(segue) Al popolo di Cremona
(29 ottobre 1924)
[Inizio scritto]

      Veramente mi sono collaudato in fatto di pazienza. Sono mesi e mesi che siamo martellati da una campagna di calunnie che i fatti smentiscono ora per ora. Si è osato gettare un'ombra di sospetti su un Governo al quale nessuno che sia in buona fede può negare il merito di avere in ogni ora, in ogni giorno, fedelmente adempiuto ai suoi doveri per il Re e per la Nazione. Ci siamo macerati lungamente nello spirito, abbiamo sofferto, ed abbiamo taciuto, ci siamo sottoposti a questo durissimo cilicio: perché? Perché vogliamo veramente che la concordia regni fra tutti noi italiani; perché non amiamo la violenza per la violenza.
      La violenza, per noi, non è uno sport, non è mai stata né può essere un divertimento.
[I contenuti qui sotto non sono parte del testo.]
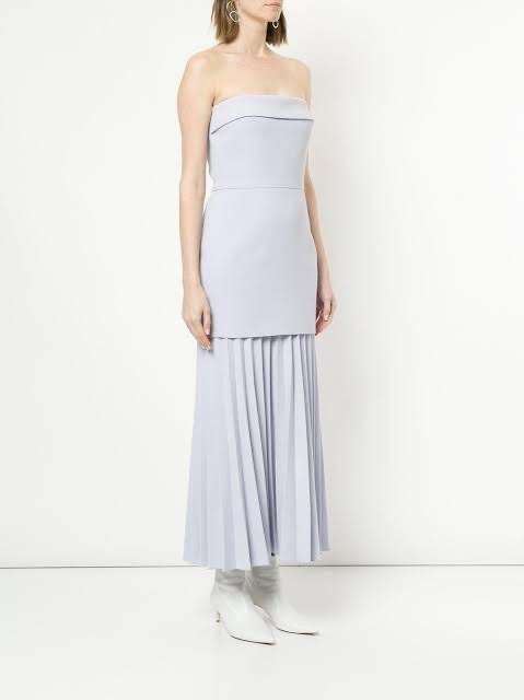 - Linear crepe pleat strapless dress sold

Per noi la violenza può essere, come la guerra, necessità durissima di certe determinate ore storiche, ma il sogno che portiamo nel cuore è il sogno dell'Italia pacifica, concorde, laboriosa, in cui tutti si sentano figli della stessa madre ed accomunati agli stessi destini.
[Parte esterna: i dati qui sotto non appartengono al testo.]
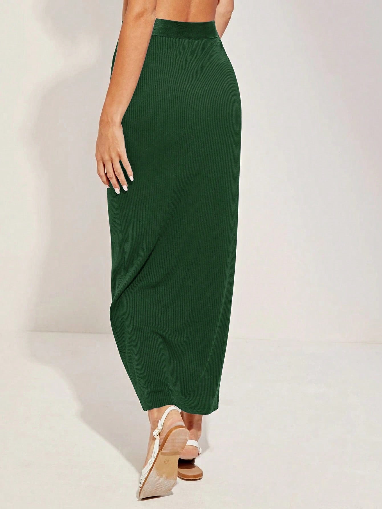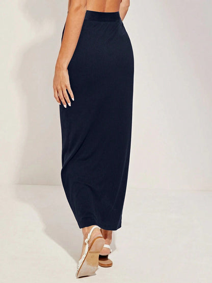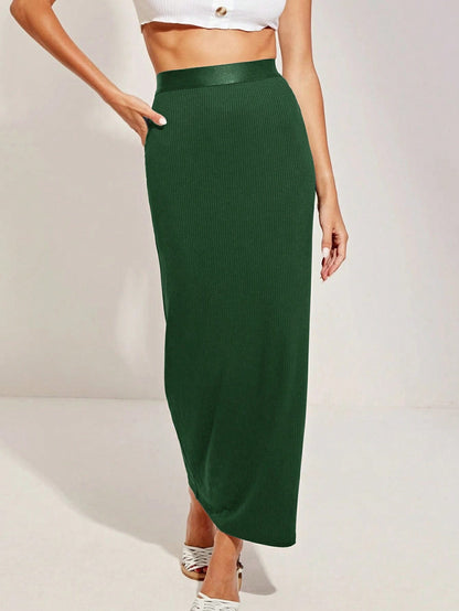 Essnce Wide Band Waist Rib-knit Pencil Skirt

      Popolo di Cremona: io ho raccolto la vostra impazienza, ma io sono paziente e debbo esserlo. Ma ve lo assicuro, la battaglia è vinta su tutta la linea.
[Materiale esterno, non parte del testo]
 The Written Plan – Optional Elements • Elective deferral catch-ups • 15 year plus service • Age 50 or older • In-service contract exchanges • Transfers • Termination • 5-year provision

      Non saranno le poche decine di politicanti che noi rispetteremmo se fossero in buona fede, che potranno fermare con le loro dighe cartacee il corso impetuoso di questo fiume. Non saranno i signori dell'Aventino, (scendano o non scendano, della qual cosa, del resto, io mi strainfischio) che ci impediranno di discutere a Camera aperta i grandi problemi che interessano il popolo italiano, i problemi della sua economia, il problema delle sue finanze, i problemi imponenti e formidabili essenziali della sua difesa militare per terra, per mare e per cielo. Non ci impediranno di dare le savie ed oneste leggi che il popolo attende.
      Intanto noi abbiamo dimostrato, pur attraverso a qualche travaglio, che sappiamo obbedire alle leggi. A tutte le leggi: a quelle che sono, a quelle che saranno, perché noi vogliamo realizzare la vera normalità da non confondersi con l'altra brutta parola che ripudio, la vera normalità di nazione civile, laboriosa, concorde, conscia dei suoi immancabili destini.